**THE TASK:**
From the listing below, copy only the lines from the line that contains "Beautiful sterling silver" to the line that contains "5月30日,在安徽省宣城市泾", counting those two lines as part of the copy.

**STORED DATA:**
%%
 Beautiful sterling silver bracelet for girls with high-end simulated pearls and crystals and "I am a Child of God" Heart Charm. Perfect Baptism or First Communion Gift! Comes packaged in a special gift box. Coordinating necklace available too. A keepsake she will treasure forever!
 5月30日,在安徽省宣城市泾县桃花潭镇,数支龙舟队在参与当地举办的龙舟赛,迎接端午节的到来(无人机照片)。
%%
%%
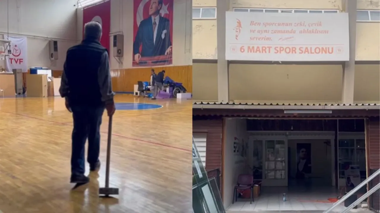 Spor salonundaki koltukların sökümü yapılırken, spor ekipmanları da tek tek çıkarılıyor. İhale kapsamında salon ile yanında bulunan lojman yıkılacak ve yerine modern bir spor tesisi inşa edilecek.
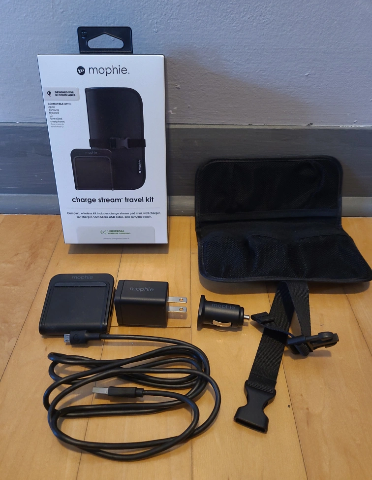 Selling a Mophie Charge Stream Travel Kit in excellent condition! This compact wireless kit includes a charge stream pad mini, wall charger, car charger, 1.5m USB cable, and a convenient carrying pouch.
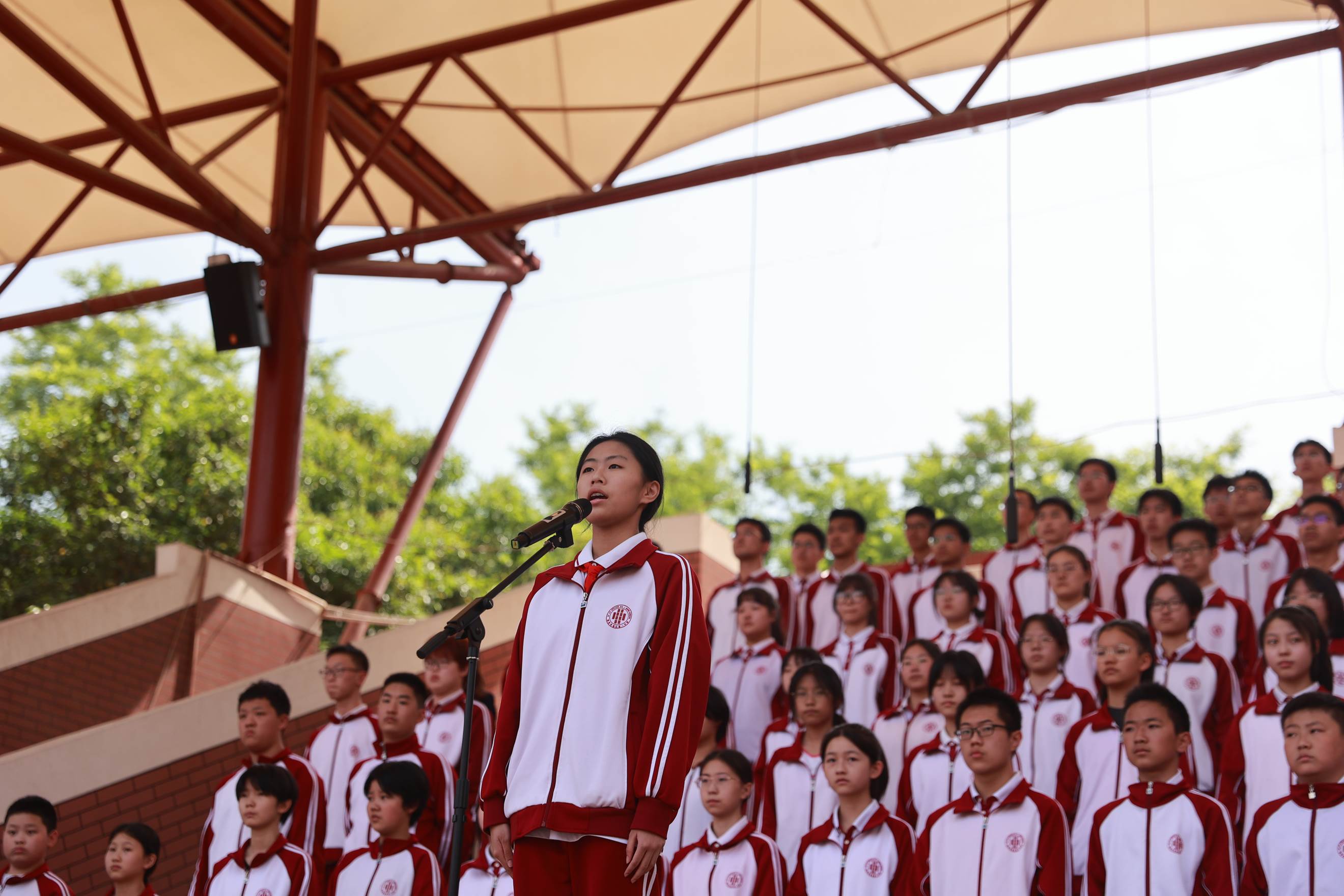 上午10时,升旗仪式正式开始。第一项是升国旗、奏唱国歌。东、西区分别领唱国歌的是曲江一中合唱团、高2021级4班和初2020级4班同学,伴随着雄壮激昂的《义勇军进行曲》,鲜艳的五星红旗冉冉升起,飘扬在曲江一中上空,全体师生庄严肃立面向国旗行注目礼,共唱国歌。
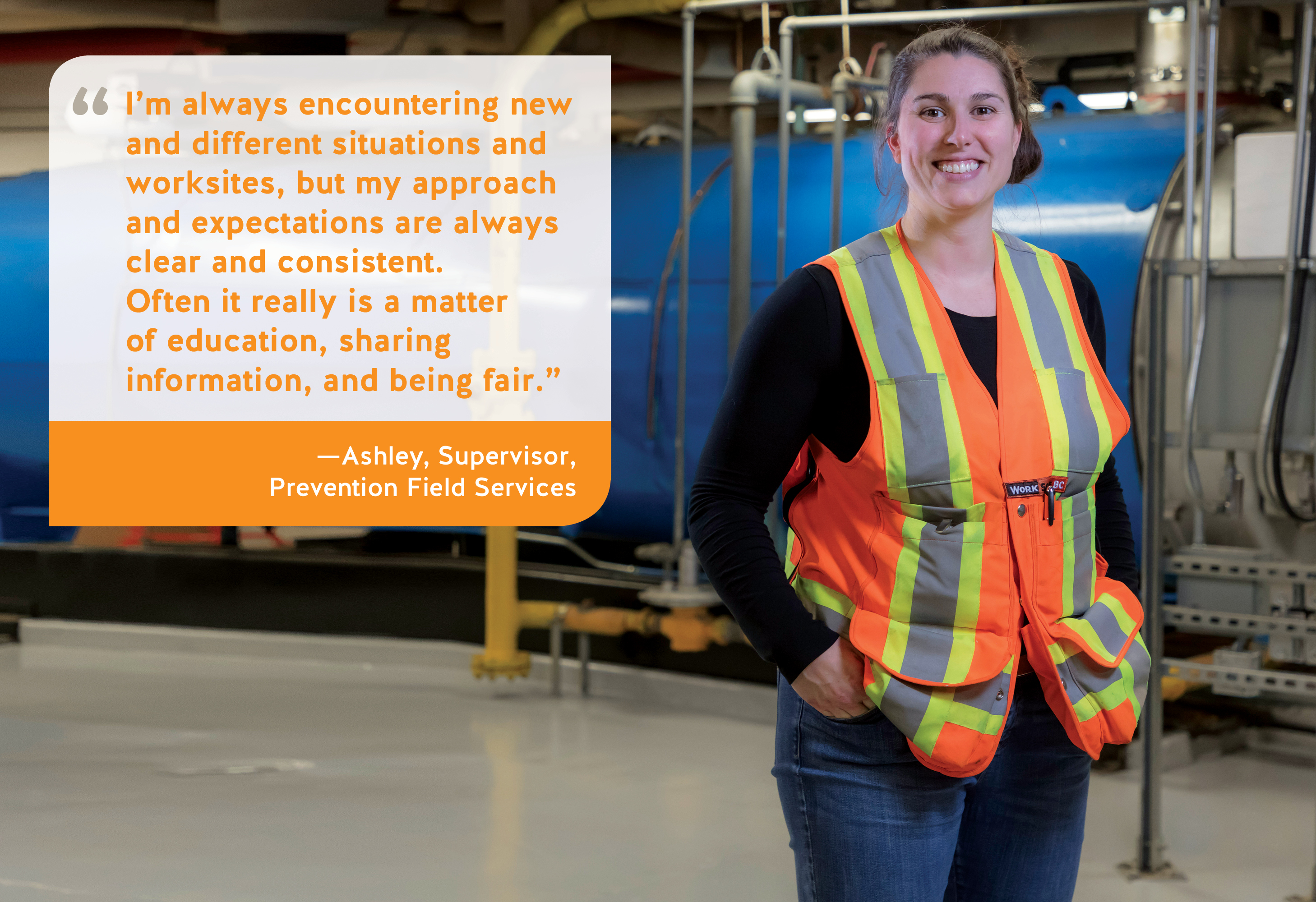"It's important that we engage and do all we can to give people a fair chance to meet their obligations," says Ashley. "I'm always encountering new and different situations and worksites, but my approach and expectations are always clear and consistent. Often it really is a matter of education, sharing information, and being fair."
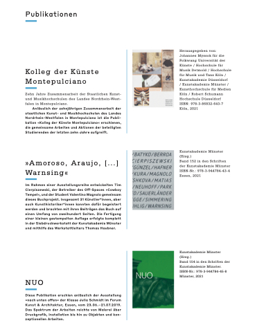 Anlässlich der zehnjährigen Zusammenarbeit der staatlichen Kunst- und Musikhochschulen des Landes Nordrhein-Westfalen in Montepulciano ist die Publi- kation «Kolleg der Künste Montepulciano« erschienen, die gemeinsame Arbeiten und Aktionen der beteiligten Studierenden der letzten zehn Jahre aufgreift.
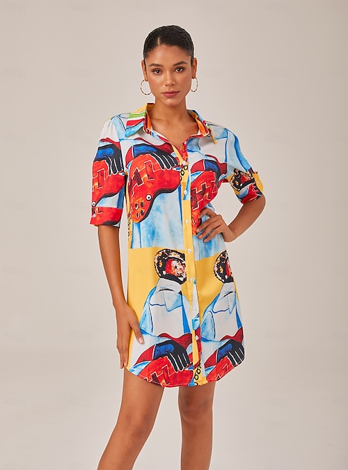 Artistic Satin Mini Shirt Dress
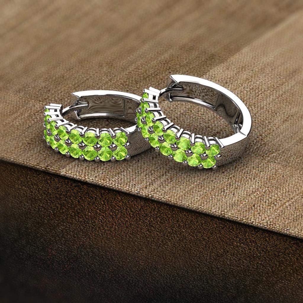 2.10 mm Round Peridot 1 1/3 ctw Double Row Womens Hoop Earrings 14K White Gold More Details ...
%%
%%
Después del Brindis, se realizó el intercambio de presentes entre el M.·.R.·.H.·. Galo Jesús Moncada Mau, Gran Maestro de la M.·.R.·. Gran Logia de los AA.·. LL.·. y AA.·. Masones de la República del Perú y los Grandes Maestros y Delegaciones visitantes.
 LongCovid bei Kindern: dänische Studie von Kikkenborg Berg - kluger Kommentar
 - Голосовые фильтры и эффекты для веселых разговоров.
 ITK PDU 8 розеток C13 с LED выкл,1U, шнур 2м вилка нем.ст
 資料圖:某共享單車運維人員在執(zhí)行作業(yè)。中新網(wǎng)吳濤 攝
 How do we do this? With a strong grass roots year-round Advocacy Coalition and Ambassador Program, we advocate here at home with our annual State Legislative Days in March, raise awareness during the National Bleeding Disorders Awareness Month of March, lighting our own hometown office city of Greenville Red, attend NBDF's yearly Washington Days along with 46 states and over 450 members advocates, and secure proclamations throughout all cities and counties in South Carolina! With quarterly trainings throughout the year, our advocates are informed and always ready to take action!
%%
**THE ANSWER:**
 Beautiful sterling silver bracelet for girls with high-end simulated pearls and crystals and "I am a Child of God" Heart Charm. Perfect Baptism or First Communion Gift! Comes packaged in a special gift box. Coordinating necklace available too. A keepsake she will treasure forever!
 5月30日,在安徽省宣城市泾县桃花潭镇,数支龙舟队在参与当地举办的龙舟赛,迎接端午节的到来(无人机照片)。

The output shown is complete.